@Emperor I actually tweeted that jokingly the other day, when I was really pissed off about us no longer having a space program in the USA. I think we could do it.
[whoa, spending lots of time at home makes me prone to increasing postiness. XD]
was just thinking that a project like this could/should be linked with projects like figshare. perhaps there's already a n infrastructure to build upon?
Thanks for the link with figshare, that not something i was familiar with.
I'm currently musing over the reasons why potential donors might visit a sight like kickstater. They're all platforms that depend on the project proposer to attract people to their page,
- either frends and family and the like which seems particualrly prevelant on the projects i looked at on funding4learning. - online networks, the people who know the people you know on facebook - or tapping into some larger pre-existing community, such as a a charity, or tapping into some popualr need, like Diaspora.

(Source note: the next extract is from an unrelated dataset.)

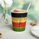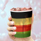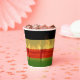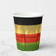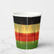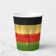 Jamaican Rasta färbt rot, grün, gelb, gold und schwarz Papier Becher mit Strand und Palmen Hintergrund. Ideal für einen Jamaika Urlaub oder Liebhaber der Insel / Karibik Kultur.

if i put my totally-ignore-the-practical-issue-blue-sky-thinking-engine-hat on, i wonder if a different model, that generates content that people want to see (never mind what that is...) that then points people in the direction of the donating page, or at least the projects section of the website. like a new scientist magazine, with the articles about the projects? or a resource or a community that draws in the traffic...so, only need to come up with a first class content or service idea, simples...

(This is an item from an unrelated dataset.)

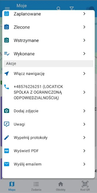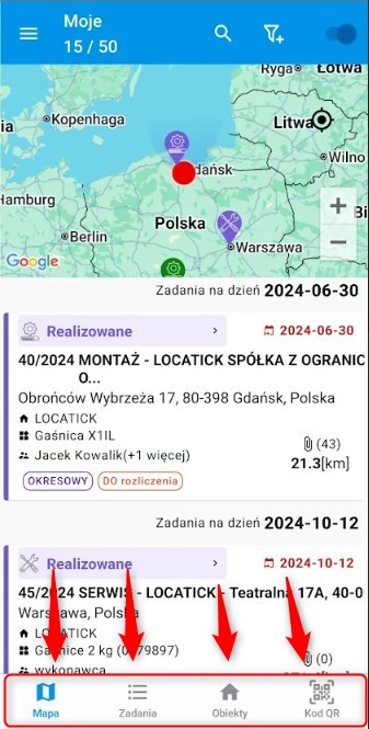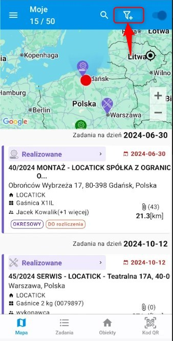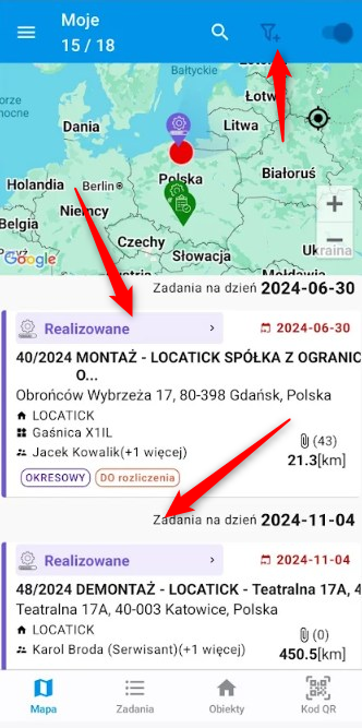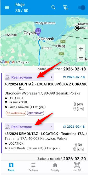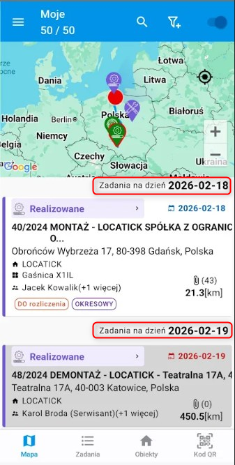 • Podgląd listy zadań na mapie

of course, if you want to move research-funding from big pockets to "average people" - or at least to some degree make it more accessible and visible to them - you will want to have some content that actually explains what's this or that research is aiming for and give regular reports. having the scientists themselves do this is, usually, not such a good idea.
therefore, considering your proposal to "generate(s) content that people want to see" one possibility is to have a "science for the masses" style show on your frontend. y'know something that's not all experts talking expertly about expert matters, but a baseline approach to the subject matter without (!) selling it short.
that's not very original, but feasible. and potentially promising.
been toooo long since i last looked in on this - started a masters course and suddenly have less time. stilll collecting ideas and thoughts about this though.....recent thought was inspired by something i had to read for uni - 'the WEIRDest people in the world' (BEHAVIORAL AND BRAIN SCIENCES (2010) 33, 61–135) (google scholar this and you should be able to find a free pdf...) - where WEIRD stands for Western Educated Industrial Rich Democtratic - basically lamenting the fact that all but a couple of percent of psychology studies are done with university undergraduates, usually psych students themselves, because a) testing within such a limited sample limits generalisatibilty, especially were putative 'human universals' are concenred and b) this specific sample may be totally unrepresentative as its an outlier were some cross-cultural data does exist. It occurs to me that some of the problem stems from practical difficulties that mihgt be more within the range of kickstarter-style amounts - eg: funds from which participants can be paid for their time, a local translator can be payed for, plane tickets etc...and maybe another/alternative string in the bow might be the maintian networks that might be interested in things like this...
A kickstarter-like site for science. They state their goal as "To fund research in new ways and to connect everyone to the excitement of doing science".